Assassinate the most powerful leader in the known world in his very home and expect to walk away unscathed?
Finally, he nodded with a firm jerk of his head. “I’ll check on the ship immediately.”
ER 19
FELIX
KRAESHIA
Felix woke up with the urgent knowledge that something was terribly wrong. If only he had any idea what it was.
He tried to ignore it, though, because life had never been better for him. He’d earned back King Gaius’s trust. He’d traveled beyond the shores of Mytica for the first time ever, to the beautiful empire of Kraeshia. And a gorgeous princess had invited him to share her bed for not one, but seven nights.
Seven. In a row.
Felix’s life had become so shiny and bright, so why did everything suddenly feel so damningly dark?
He crawled out of Princess Amara’s huge feather bed, draped with green silks and diaphanous veils of pale gold, and hastily got dressed.
His stomach grumbled. Perhaps he could attribute this dark feeling to hunger—ever since his arrival in Kraeshia, he’d consumed too many fruits and vegetables and not nearly enough red meat.
“Felix, my pretty beast . . .” Amara said sleepily. She wrapped her arms around his waist as he sat on the side of the bed to put on his boots. “Leaving me so soon?”
“Duty calls.”
She slid her hands down his bare chest. “But I don’t want you to go yet.”
“The king might disagree.”
“Let him.” Amara pulled his face to hers and kissed him. “Who cares what the king thinks, anyway?”
“Well, me for one. I work for him. And he’s very strict.”
“Leave him and work for me.”
“And be what? One of your lowly manservants?” He was surprised by the amount of poison in his voice. Where had that come from?
He knew theirs wasn’t a relationship with any potential or future. Amara was a princess with a large appetite and a short attention span—nearly as short as his own. But of course he wasn’t complaining. Amara was beautiful. Willing. Enthusiastic. Double-jointed.
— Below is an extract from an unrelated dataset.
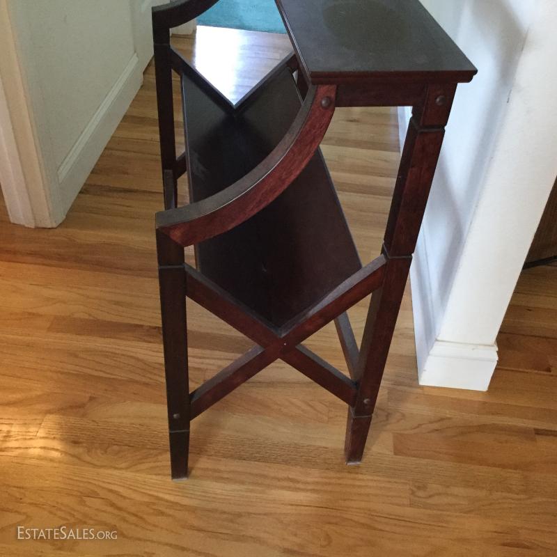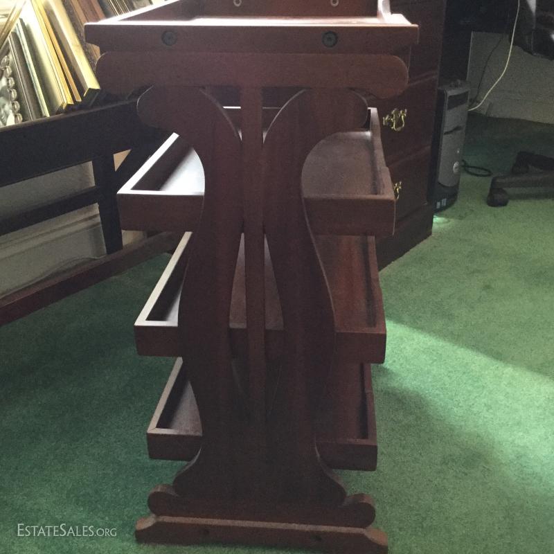 Slanted bookshelf 33" wide by 33 ½” tall by 15” deep at widest point.

So what the hell was wrong with him today that he wasn’t thanking the goddess for his enviable current situation?
He cast a wary look at her as he stood up and her hands dropped away from his body.
“Oh, dear,” she said. “My pretty beast is grumpy this morning.”
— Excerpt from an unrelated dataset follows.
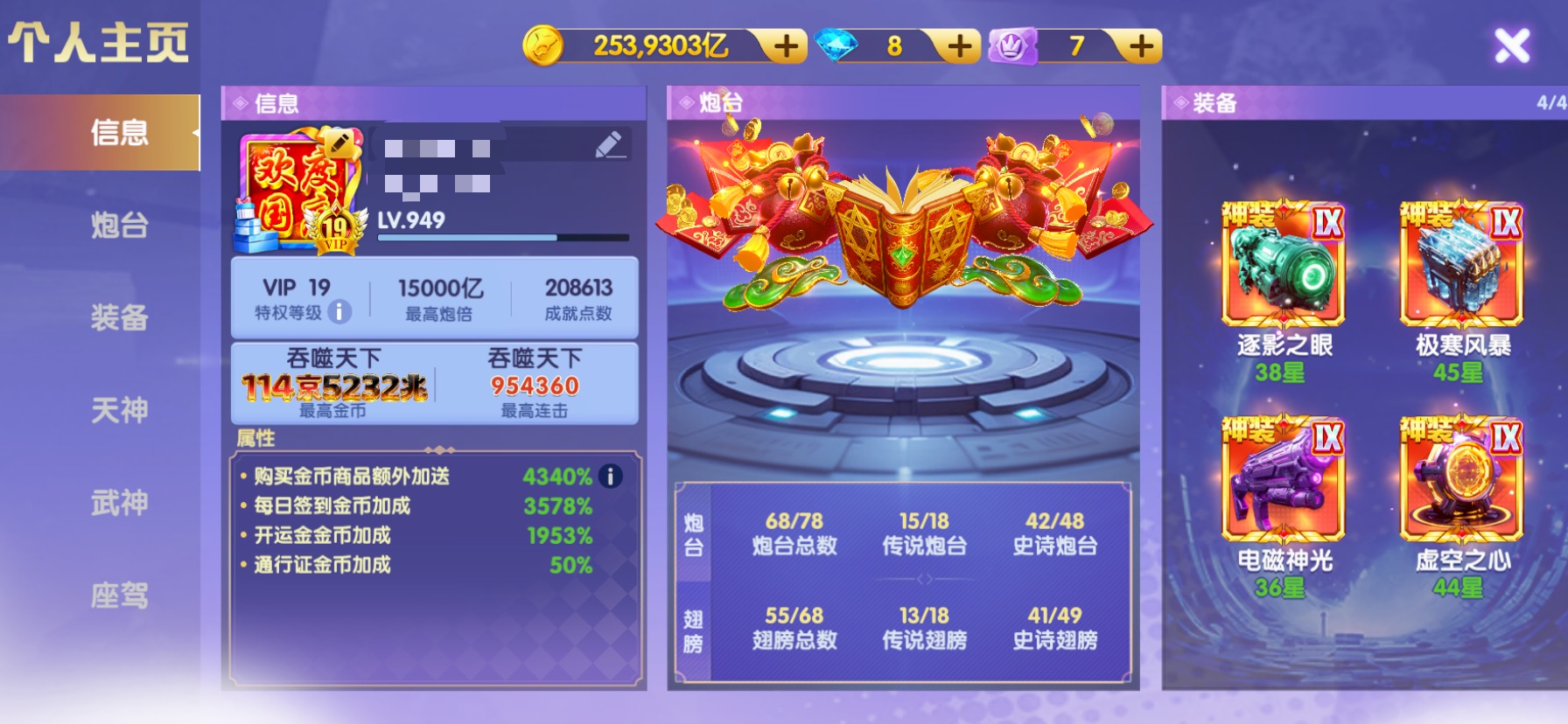 鱼乐达人官方手机号登录V17加成4353羁绊基本都开了,其余看图,有手持可换绑

He wasn’t sure he liked that nickname, but knew enough not to correct her. “You know I’m not the grumpy sort.”
Amara leaned back against the pillows and watched him put on yesterday’s shirt and coat. “Tell me,” she said, her tone less playful now, “what will happen if my father refuses the king’s offer?”
They hadn’t spoken a word about politics all week, which was fine with Felix. He wasn’t the king’s advisor or confidant, nor did he have any interest in being anything more than his muscle and brawn.
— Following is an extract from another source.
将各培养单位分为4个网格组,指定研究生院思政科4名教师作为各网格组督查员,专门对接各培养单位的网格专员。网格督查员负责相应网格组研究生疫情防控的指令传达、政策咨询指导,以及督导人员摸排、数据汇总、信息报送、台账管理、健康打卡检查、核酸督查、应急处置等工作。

“Don’t know,” he said. “You think he’ll refuse?”
Amara raised an eyebrow. “Do I think my father will refuse to hand over half his empire for a shiny bauble and a threat of magic?”
When he’d watched King Gaius wave the air Kindred under the emperor’s nose, Felix had been certain the Silver Sea had risen up and crashed over him right there at the banquet. It had taken every last sliver of his strength to keep his expression neutral. “It does sound pretty crazy, doesn’t it?”
Felix didn’t know much about the crystal, but he knew enough to be sure that it didn’t belong with an emperor who would use it to conquer the world.